Since we start with a GPAC, there's some polynomial $p_i$ that describes its variable $y_i$ as $y_i' = p_i(y_1,y_2,...,y_n)$.
We can represent $p_i$ as $p_i = p_i^+ - p_i^-$ where both are positive polynomials. Emphasis on represent : we are not changing anything about that polynomial, just re-writing it to have this shape. Note that $p_i^-$ is not written as a product with $y_i$ - that's the reason we can't outright say it's in CRN format.
Now define the new ODEs to be: $$ u_i' = p_i^+ - u_iv_i(p_i^+ + p_i^-), \text{ and}$$ $$ v_i' = p_i^- - u_iv_i(p_i^+ + p_i^-).$$
Plus, we add a new variable $z' = 1 - (u_1 - v_1)*z$ so that we can hold on our original $x_1$ limit value. However, note that $z$ will approach $\frac{1}{\alpha}$ if $\alpha$ is the value originally computed by $y_1$. So, we will need to flip it.

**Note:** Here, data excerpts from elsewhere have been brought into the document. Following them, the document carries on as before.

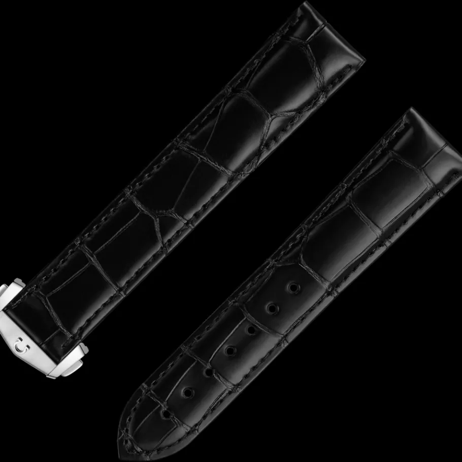 Bracelet en cuir d’alligator noir avec boucle déployante|OMEGA Sale
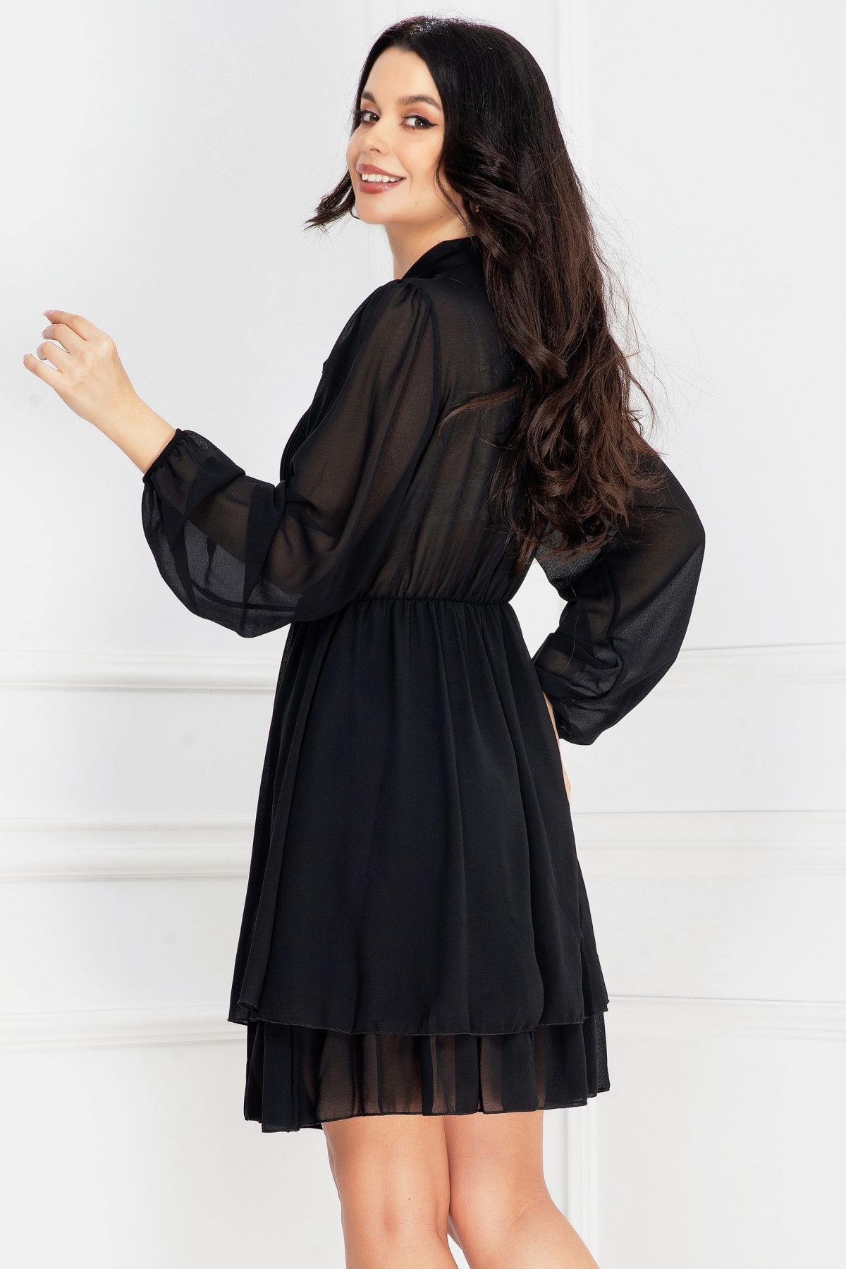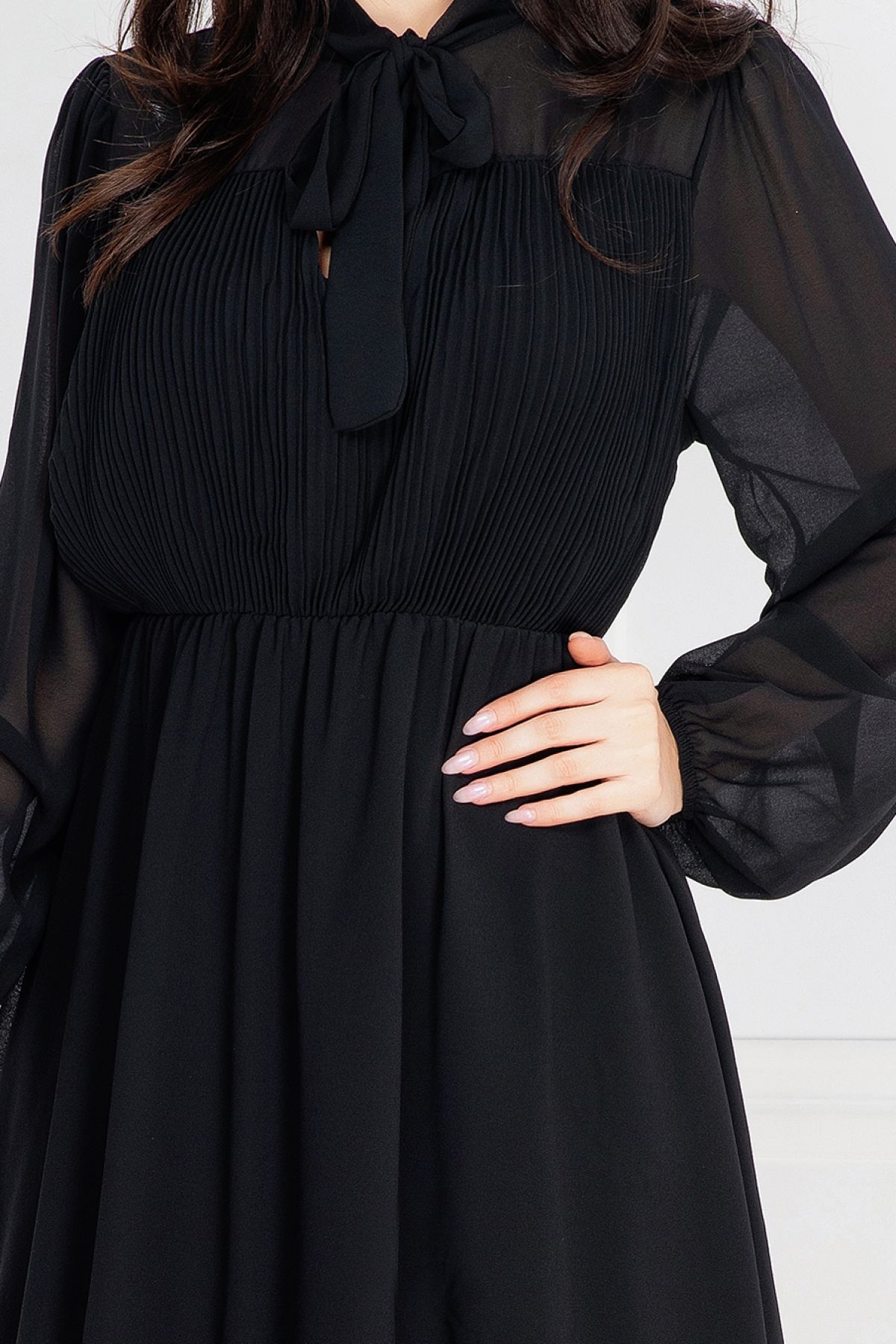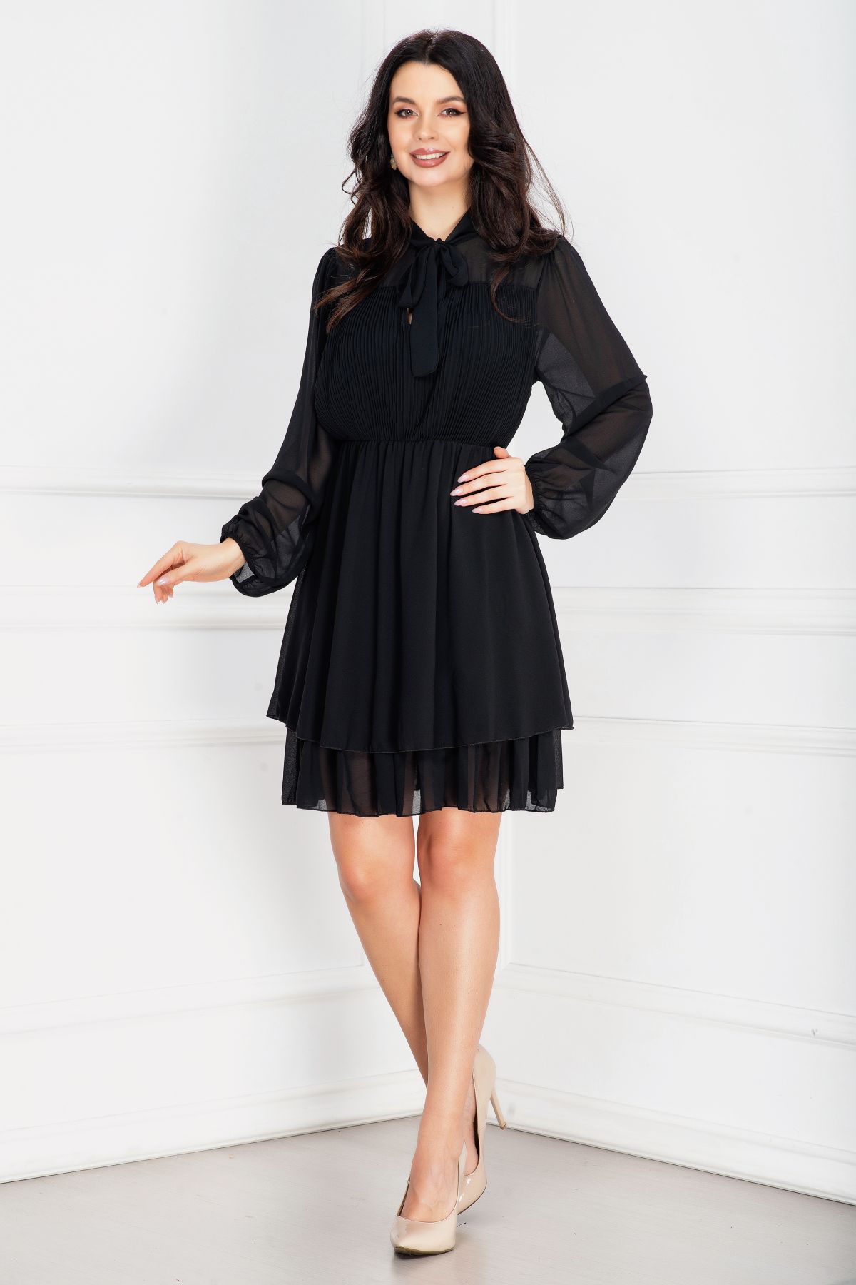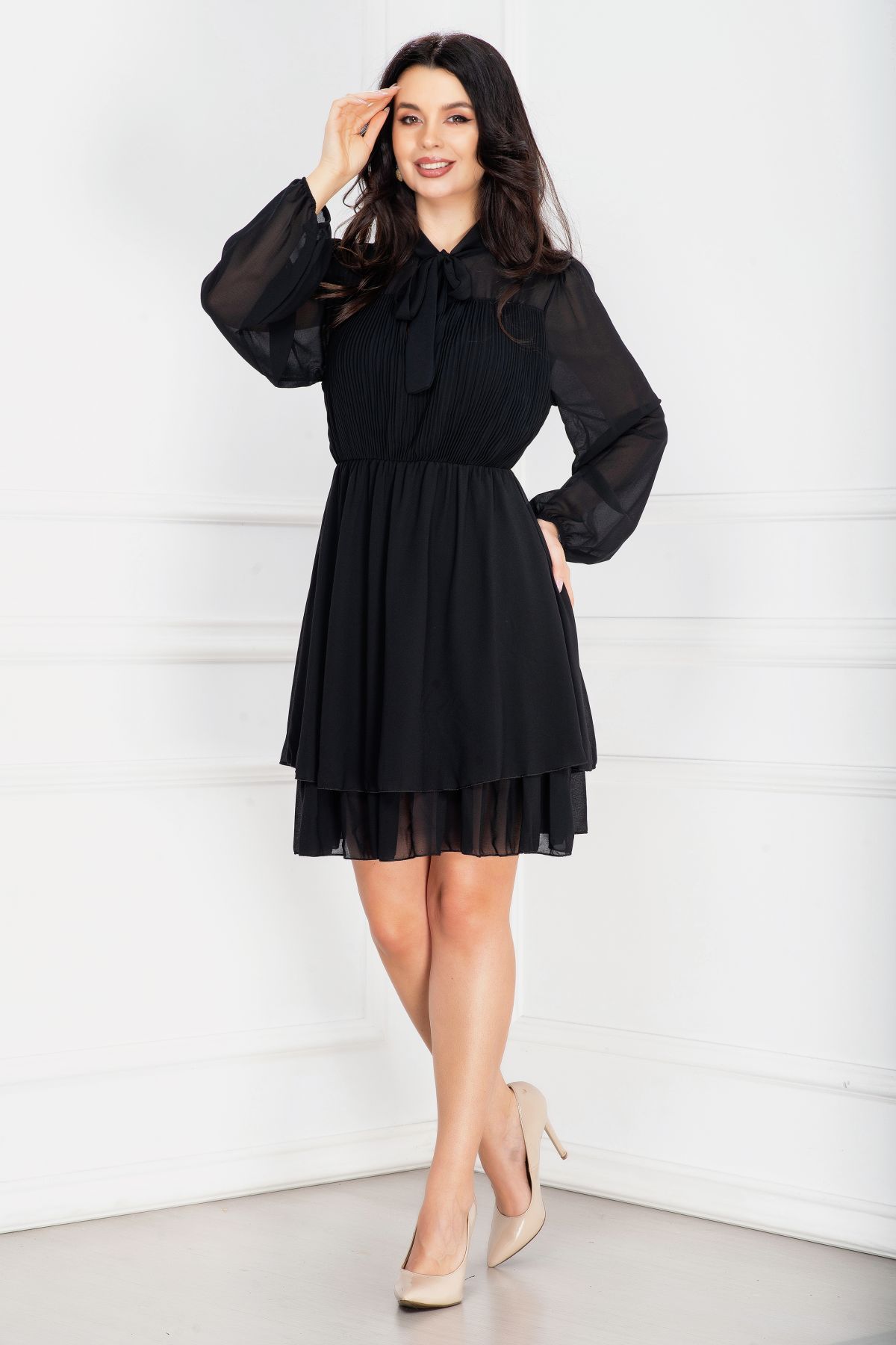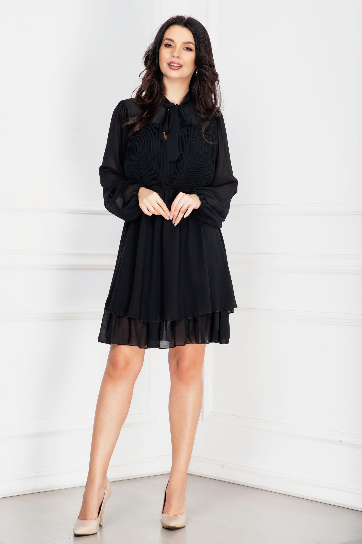 Rochie de zi neagra din voal cu pliseuri in zona bustului ; Culoare: negru ; Textura: voal ; Croi: clos ; Elastic in talie ; Maneci lungi din voal cu elastic la terminatie ; Pliseuri in zona bustului ; Prezinta dublura ; Volane in partea de jos ; Inchidere cu cordon la baza gatului ; Compozitie: 100% poliester ; * Echipa InPuff face toate eforturile in a prezenta cat mai bine culorile produselor prezentate pe site insa culorile pot diferi de situatia reala si pot varia în functie de setarile monitorului/dispozitivului dvs!
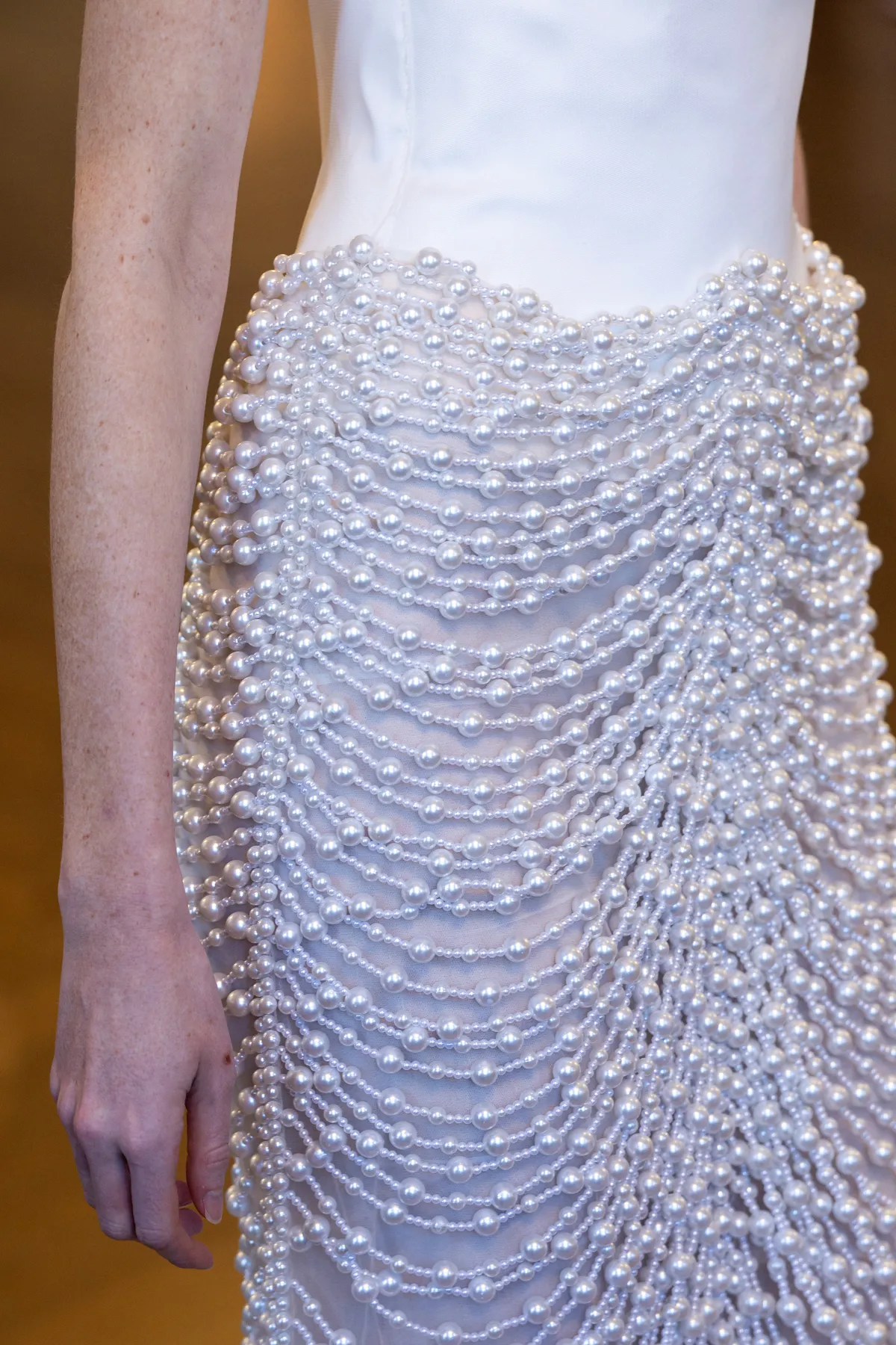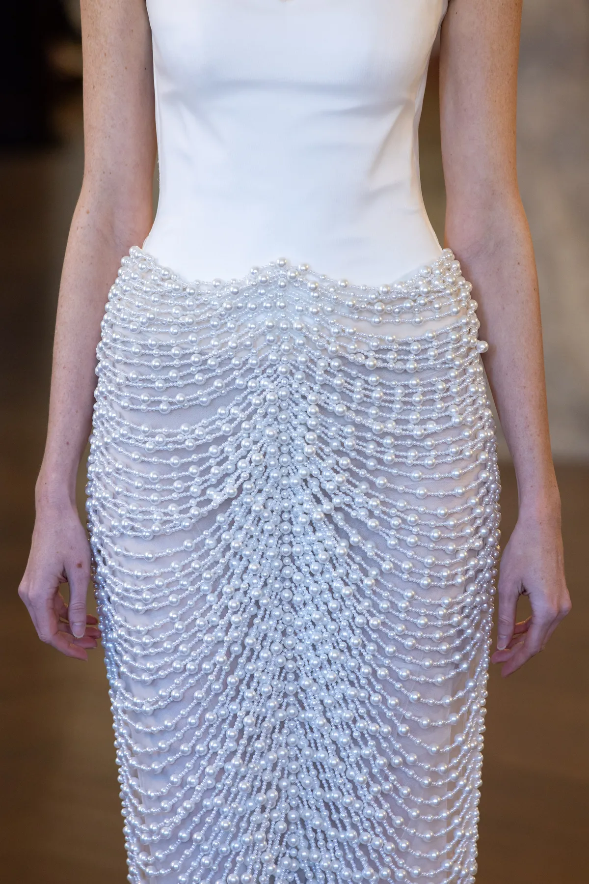 A fitted upper bodice crafted from Mikado silk and fully hand-sewn pearl skirt with cascading draped embellishments.
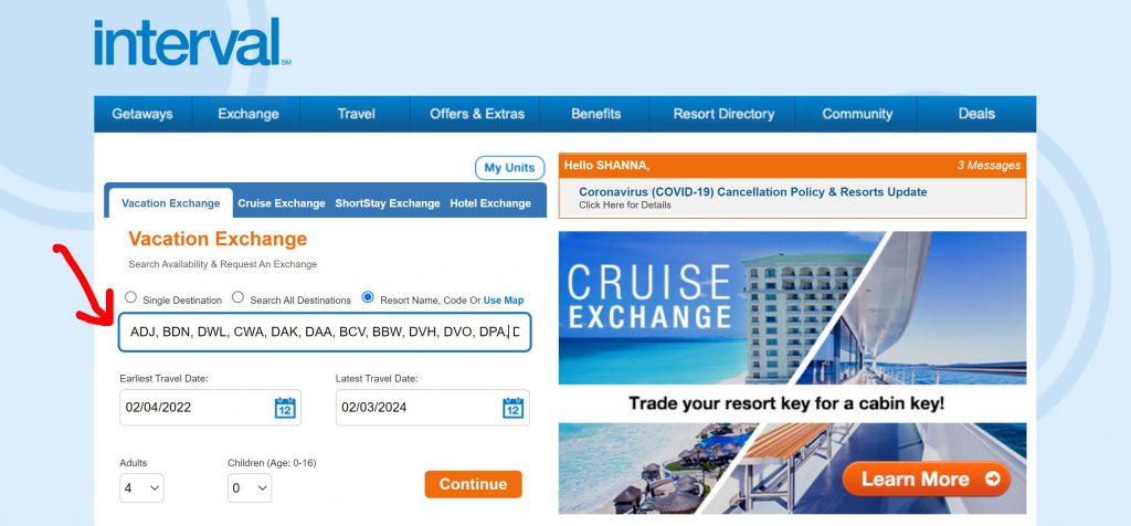 First, go to Interval World website https://www.intervalworld.com/web/cs?a=1500 and login into your account. Select your Active Interval Member account (Select). On the top bar, under the Exchange tab, select “Vacation Exchange” if you are going to use MVC points or “My Units” if you are trading a week. This is the screen you will enter in your resort codes.
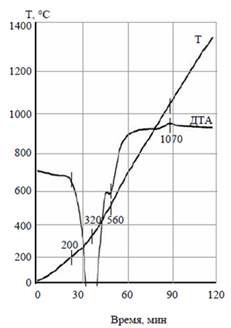 Рисунок 1. Термограмма (кривая ДТА) молотого гидрагиллита. Адаптировано из [4].
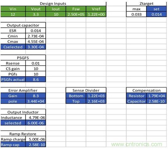 最小電容和最大電容限值也是計(jì)算出來的,而最終入選值還可供選擇,選定值再用于剩下的計(jì)算。這些覆蓋值也允許其它輸入,包括PGFS和輸出電感。重要的是,這些決定和選擇要按此順序進(jìn)行。
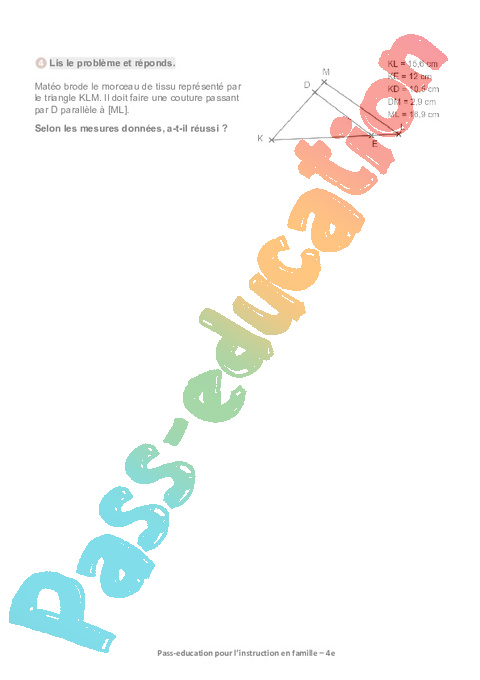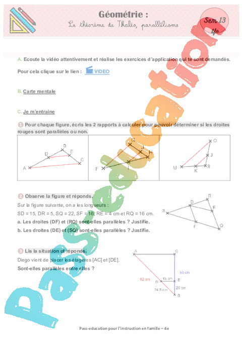 1 a Géométrie – Le théorème de Thalès et parallélisme Semaine 13 IEF : 2eme Secondaire pdf
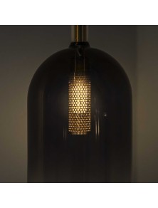 Vergoldete Metallrahmen und Rosette mit magnetischer Verschluss ohne Schrauben. Schwarzes PVC-Kabel. Transparenter Glasdiffusor mit grauem Farbton.
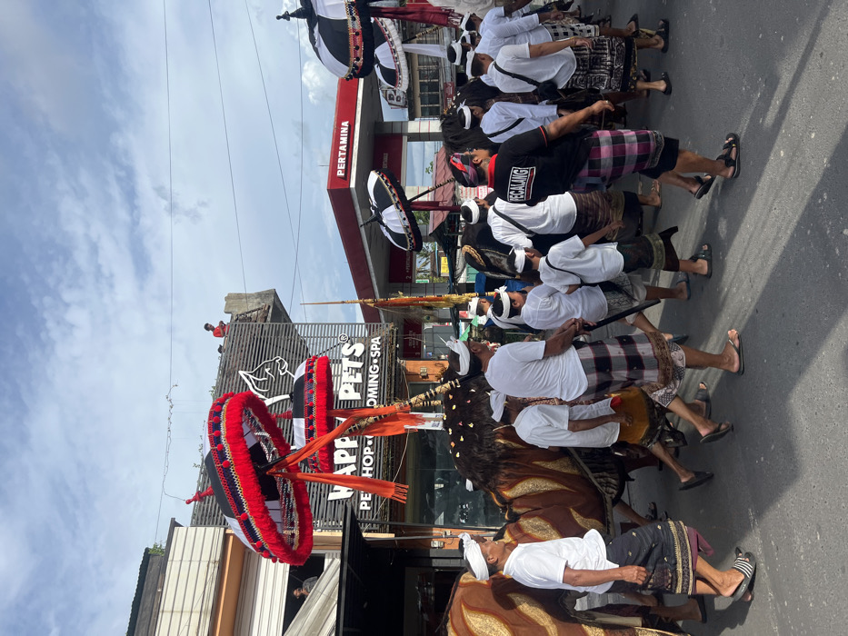 - "A procession of approximately 15-20 individuals, primarily adult males and several boys, is observed moving from left to right on an asphalt road in Peliatan, Indonesia" by FM-kzzMn1, licensed under CC BY 4.0
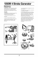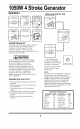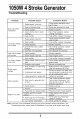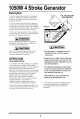 1050W4 StrokeGenerator Tableof Contents 2 2 2 3 1. DESCRIPTION 2. UNPACKING 3. GENERAL SAFETY 4. OPERATION 3 PRE-OPERATION GROUNDING 4 DC APPLICATION 4 STARTING 4 ENGINE GENERATOR LOAD 5 BREAK-IN SHUT 5 OFF 5 AND PROTECTOR OIL WARNING 5 SYSTEM 6 5, MAINTENANCE INFREQUENT 6 USAGE 6 STORAGEMAINTENANCE 7 SCHEDULE 6, TROUBLESHOOTING 8 7. WIRING 9 DIAGRAM 8. EXPLODED 10 VIEW 11 9. PARTS LIST.
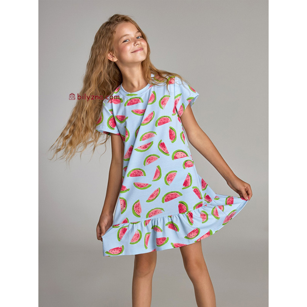 - Яскравий дизайн: оригінальний принт з кавунами на лазурному тлі перетворює звичайну сорочку на улюблену домашню сукню, яка підкреслює індивідуальність дитини.

If we define $\hat{z}$ by $\hat{z}' = 1-\hat{z}*z$, we'll have a ``soft'' reciprocal of $z$ very close to the original $y_1$.
Here is the punchline: $$y_i' = u_i' - v_i' = p^+_i - p_i^- = p_i,$$ which is the original polynomial expression but now written (using new variables) in CRN-implementable form.
Activity:¶
Try this method on $$ G: $$ $$x' = x - y$$ $$y' = y^2 + yx$$
Technique 2: Zero initial values¶
Let's look at another important technique, which allows us to take an arbitrary GPAC (or CRN) and transform it into an equivalent one, but whose initial values are all 0.¶
Suppose a system G defined by $\bf{y'} = \bf{p(y)}$ is a PIVP with initial values $\bf{y_0}$. If the values in $y_0$ are non-zero, then the system ZG defined by $$ \hat{y_i}' = p(\hat{y_1}+y_1(0), ..., \hat{y_n}+y_n(0))$$ satisfies $$y_i' = \hat{y_i}'$$ for all $t \in [0,\infty)$.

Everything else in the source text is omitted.